[Opening Data listing section]

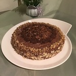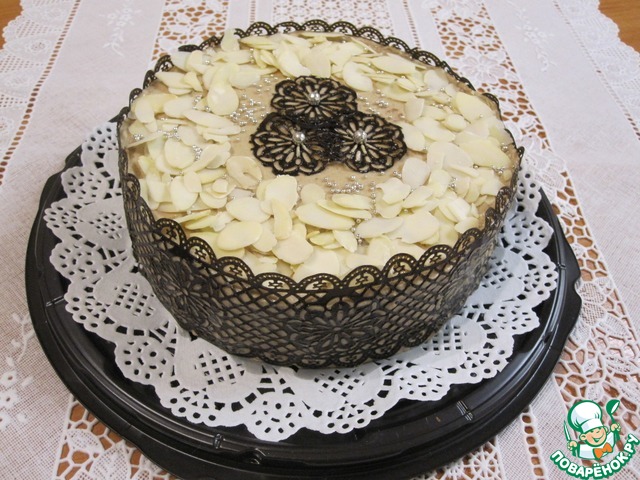 Торт украсить по вкусу. В качестве украшения использовался обжаренный орех фундук, миндальные лепестки. Шоколадные листья приготовлены из смеси белого и темного шоколада.
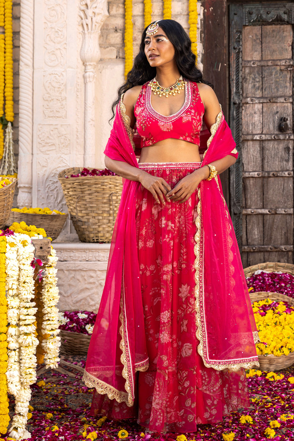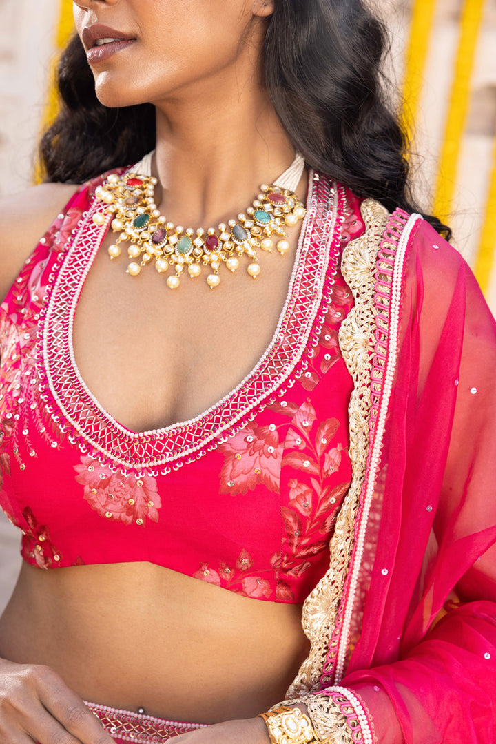 Hot Pink Printed Lehenga Set
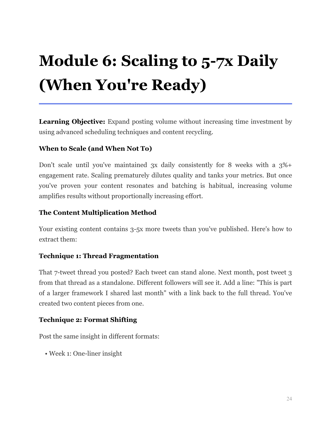 Master the weekly content creation session that produces 21 tweets in 90 minutes.
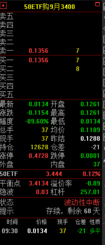 9月3400购合约昨收盘0.1288元,今天开盘价0.1261元,这些为已知数据。很显然,权利仓持有人希望以0.134元挂单,结果输入错误,填写了0.0134元。
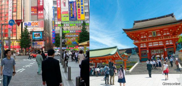 Uno de los atractivos fundamentales de Japón para los turistas no es otro que el contraste que se puede experimentar visitando Tokio, una de las ciudades más modernas del mundo, en la que desfilan extravagantes grupos de gente manejando la última tecnología, y Kioto, una de los lugares en los que se pueden ver a hombres y mujeres paseando con suntuosos kimonos.
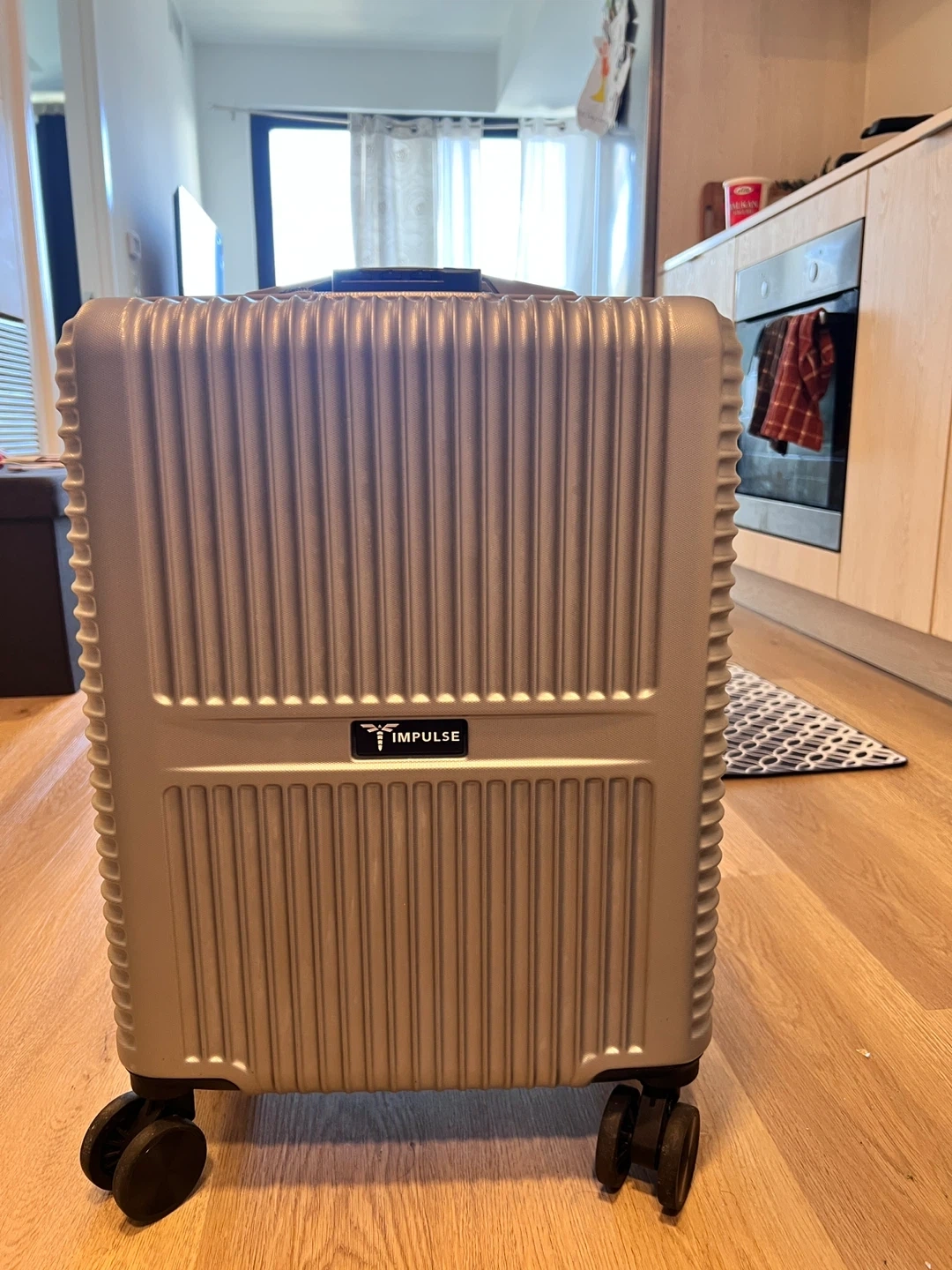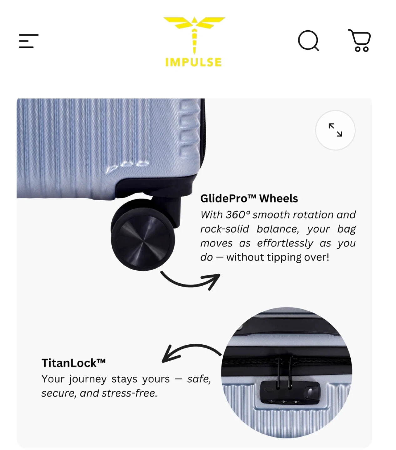 Impulse cabin suitcase with a hard side shell. It's 36L capacity and measures 55 x 36 x 23 cm. Features GlidePro wheels for smooth rotation and a TitanLock for security.
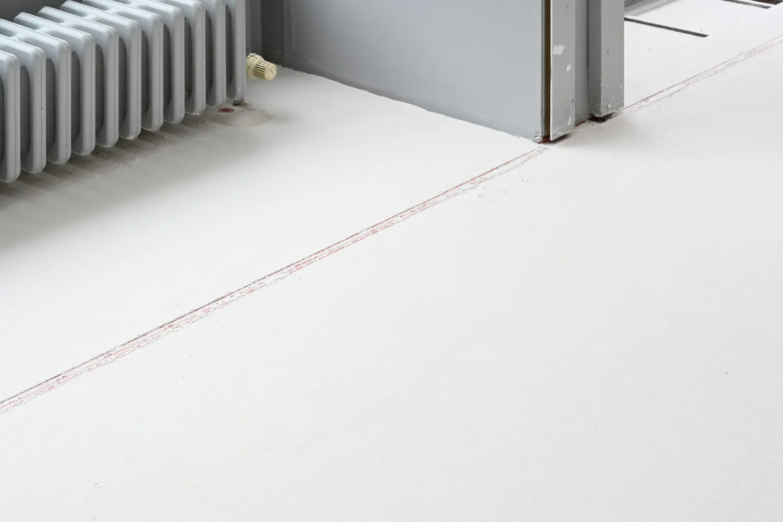 Mit ihrer streng geometrischen Form und verletzlichen Oberfläche ist die Bodenarbeit Blank eine direkte Reaktion auf die Oberflächen und Dimensionen des Ausstellungsraumes. Im Verlauf der Ausstellung speichert die gesiebte Fläche Handlungen und Dinge, die sich scheinbar unbeobachtet Tag und Nacht im Raum bewegen, wie ein Detektor der vergehenden Zeit.
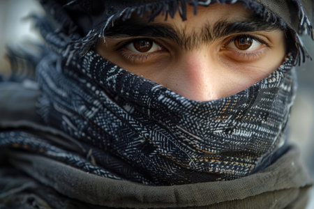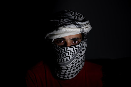 portrait of pearson wearing white keffiyeh on dark background with anger expression on his eyes due to violence and against occupation
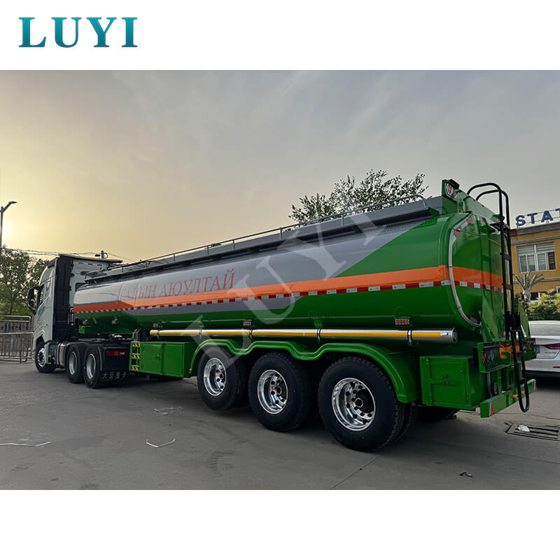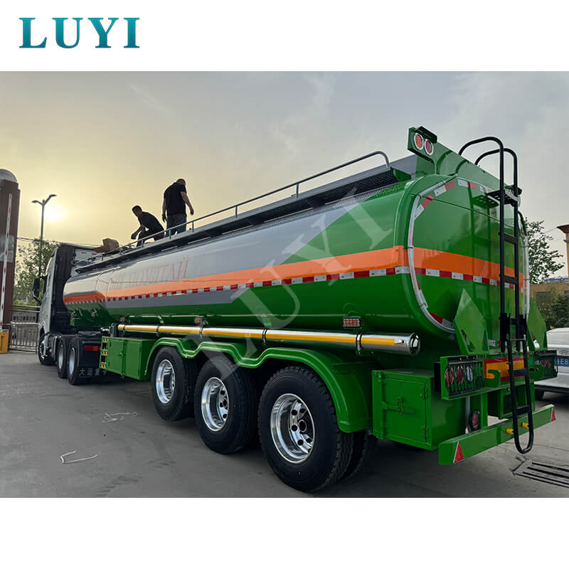 中国山東省発の LUYI 3 軸オイルタンクセミトレーラーは、多様な燃料輸送ニーズを満たす 40m3 および 45m3 の容量を提供します。全体の寸法は 12500×2500×3600MM で、最大積載量は 30,000kg を超え、積載量は 30T から 100T の範囲であり、大型トラックトレーラーのシナリオに適しています。
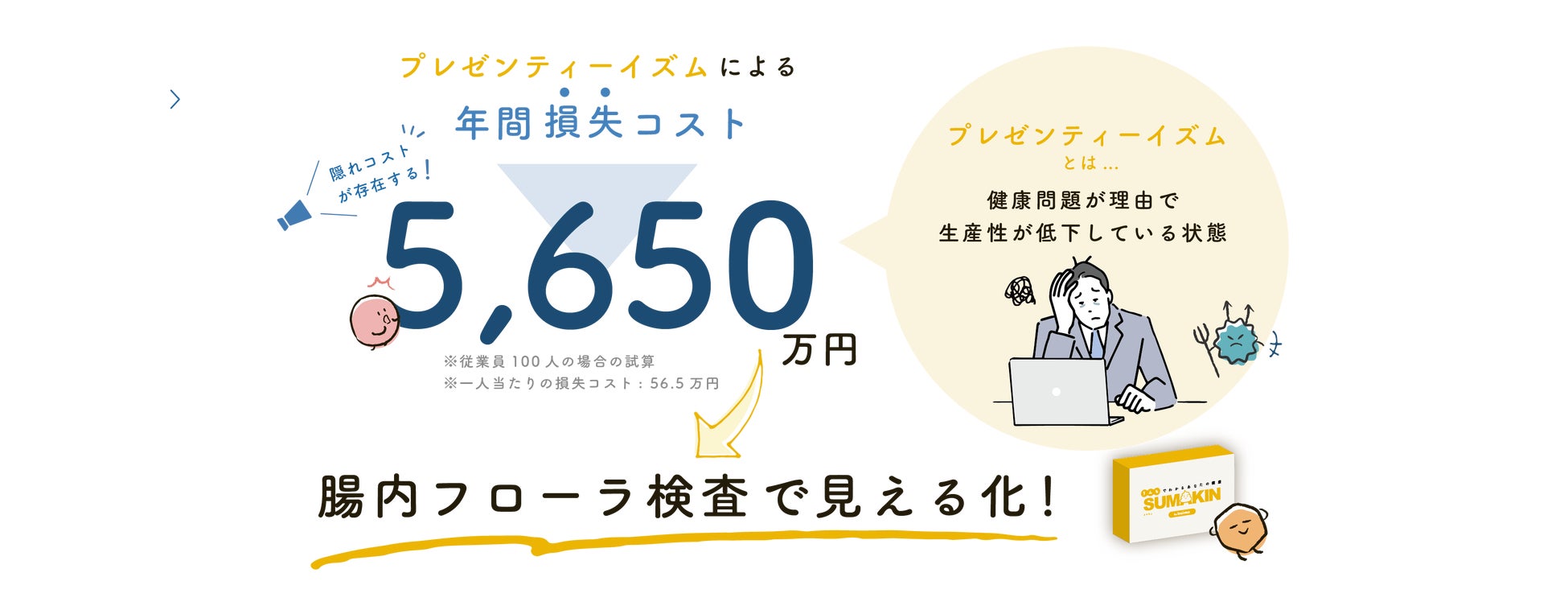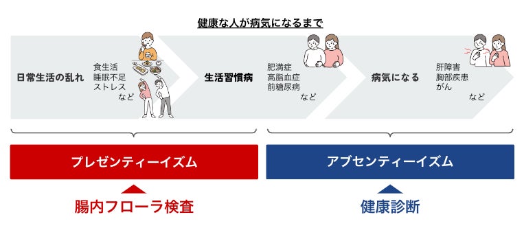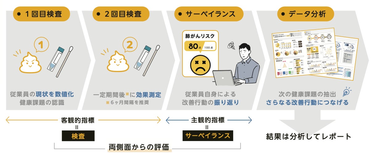 当サービスは、従業員の悩みに着目した従業員向けの腸内フローラ検査サービスです。健康診断とは異なり、病気になる前の不調(プレゼンティーイズム)を見える化します。

[Closing Data listing section]

- **Work order**:
Give back all the records as they stand, but with no pictures in the copy.

- **Expected answer**:
 Торт украсить по вкусу. В качестве украшения использовался обжаренный орех фундук, миндальные лепестки. Шоколадные листья приготовлены из смеси белого и темного шоколада.
 Hot Pink Printed Lehenga Set
 Master the weekly content creation session that produces 21 tweets in 90 minutes.
 9月3400购合约昨收盘0.1288元,今天开盘价0.1261元,这些为已知数据。很显然,权利仓持有人希望以0.134元挂单,结果输入错误,填写了0.0134元。
 Uno de los atractivos fundamentales de Japón para los turistas no es otro que el contraste que se puede experimentar visitando Tokio, una de las ciudades más modernas del mundo, en la que desfilan extravagantes grupos de gente manejando la última tecnología, y Kioto, una de los lugares en los que se pueden ver a hombres y mujeres paseando con suntuosos kimonos.
 Impulse cabin suitcase with a hard side shell. It's 36L capacity and measures 55 x 36 x 23 cm. Features GlidePro wheels for smooth rotation and a TitanLock for security.
 Mit ihrer streng geometrischen Form und verletzlichen Oberfläche ist die Bodenarbeit Blank eine direkte Reaktion auf die Oberflächen und Dimensionen des Ausstellungsraumes. Im Verlauf der Ausstellung speichert die gesiebte Fläche Handlungen und Dinge, die sich scheinbar unbeobachtet Tag und Nacht im Raum bewegen, wie ein Detektor der vergehenden Zeit.
 portrait of pearson wearing white keffiyeh on dark background with anger expression on his eyes due to violence and against occupation
 中国山東省発の LUYI 3 軸オイルタンクセミトレーラーは、多様な燃料輸送ニーズを満たす 40m3 および 45m3 の容量を提供します。全体の寸法は 12500×2500×3600MM で、最大積載量は 30,000kg を超え、積載量は 30T から 100T の範囲であり、大型トラックトレーラーのシナリオに適しています。
 当サービスは、従業員の悩みに着目した従業員向けの腸内フローラ検査サービスです。健康診断とは異なり、病気になる前の不調(プレゼンティーイズム)を見える化します。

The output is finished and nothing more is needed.